Take the material below and extract the lines from the one with "Und dies würde" through the one with "Alfombra Turca, Alfombra", word for word, without pictures.

DATA SUPPLIED =
┄┄┄┄┄┄

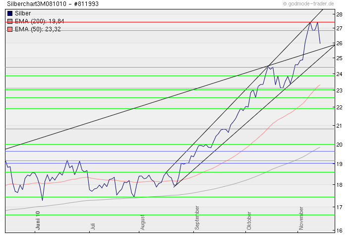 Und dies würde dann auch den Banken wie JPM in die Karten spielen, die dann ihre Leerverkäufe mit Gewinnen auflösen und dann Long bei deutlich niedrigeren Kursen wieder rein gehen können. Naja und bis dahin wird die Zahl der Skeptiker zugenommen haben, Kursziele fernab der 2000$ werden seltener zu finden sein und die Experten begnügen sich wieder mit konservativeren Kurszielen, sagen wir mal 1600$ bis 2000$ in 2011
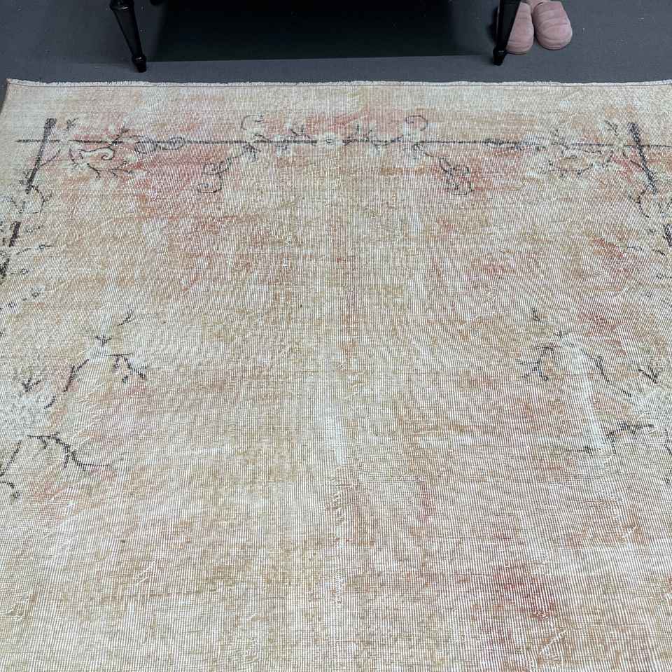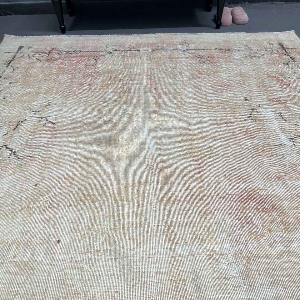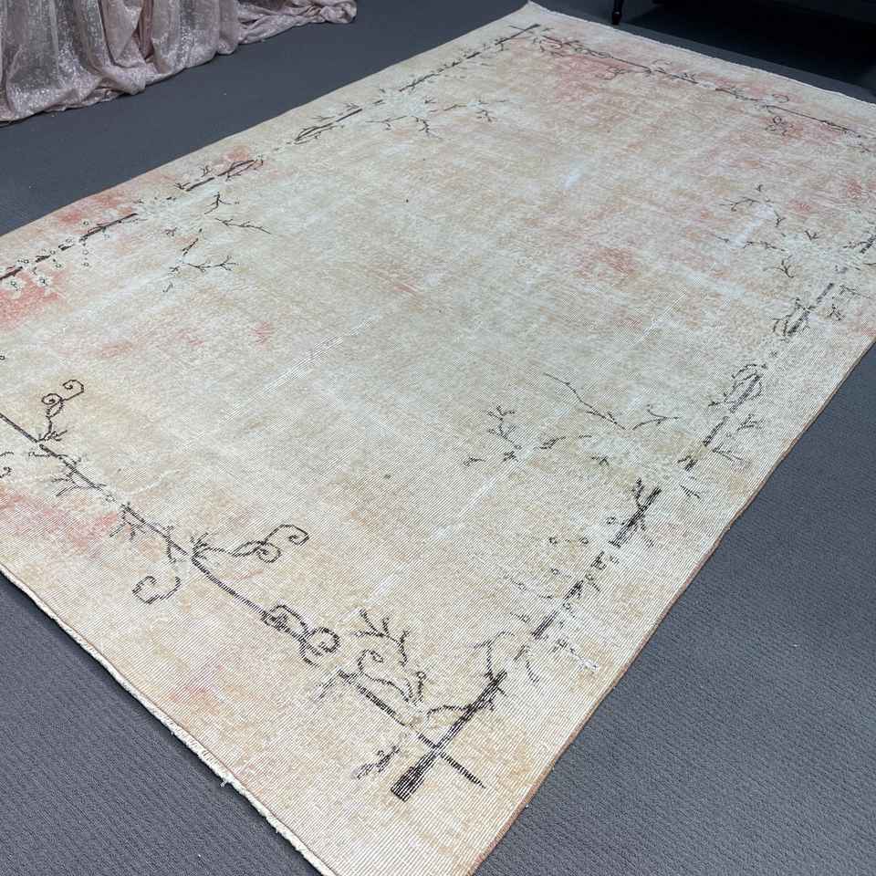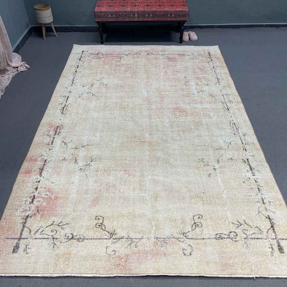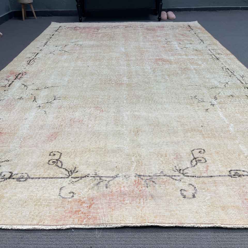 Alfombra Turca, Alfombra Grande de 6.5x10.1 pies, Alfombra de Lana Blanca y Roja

┄┄┄┄┄┄

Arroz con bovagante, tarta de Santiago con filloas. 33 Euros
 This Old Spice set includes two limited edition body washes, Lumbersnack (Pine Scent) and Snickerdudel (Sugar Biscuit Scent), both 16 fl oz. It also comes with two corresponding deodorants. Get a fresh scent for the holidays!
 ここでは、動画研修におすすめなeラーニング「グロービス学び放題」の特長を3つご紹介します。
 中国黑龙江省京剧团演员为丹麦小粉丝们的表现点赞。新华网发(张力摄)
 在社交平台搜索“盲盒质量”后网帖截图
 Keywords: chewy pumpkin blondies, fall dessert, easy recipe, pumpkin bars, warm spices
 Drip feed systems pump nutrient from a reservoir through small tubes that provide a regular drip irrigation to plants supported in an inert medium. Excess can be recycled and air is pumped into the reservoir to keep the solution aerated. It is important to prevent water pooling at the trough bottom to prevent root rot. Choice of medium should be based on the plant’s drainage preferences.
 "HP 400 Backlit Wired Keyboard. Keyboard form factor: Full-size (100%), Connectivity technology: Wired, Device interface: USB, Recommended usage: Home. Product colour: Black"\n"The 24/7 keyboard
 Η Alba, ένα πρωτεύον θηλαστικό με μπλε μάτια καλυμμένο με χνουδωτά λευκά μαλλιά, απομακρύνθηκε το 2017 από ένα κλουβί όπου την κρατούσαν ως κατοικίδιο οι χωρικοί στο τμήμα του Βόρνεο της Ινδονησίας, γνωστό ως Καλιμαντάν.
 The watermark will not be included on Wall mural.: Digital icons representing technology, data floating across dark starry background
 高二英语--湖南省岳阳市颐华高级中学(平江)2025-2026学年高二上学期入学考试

┄┄┄┄┄┄

ANSWER AREA =
 Und dies würde dann auch den Banken wie JPM in die Karten spielen, die dann ihre Leerverkäufe mit Gewinnen auflösen und dann Long bei deutlich niedrigeren Kursen wieder rein gehen können. Naja und bis dahin wird die Zahl der Skeptiker zugenommen haben, Kursziele fernab der 2000$ werden seltener zu finden sein und die Experten begnügen sich wieder mit konservativeren Kurszielen, sagen wir mal 1600$ bis 2000$ in 2011
 Alfombra Turca, Alfombra Grande de 6.5x10.1 pies, Alfombra de Lana Blanca y Roja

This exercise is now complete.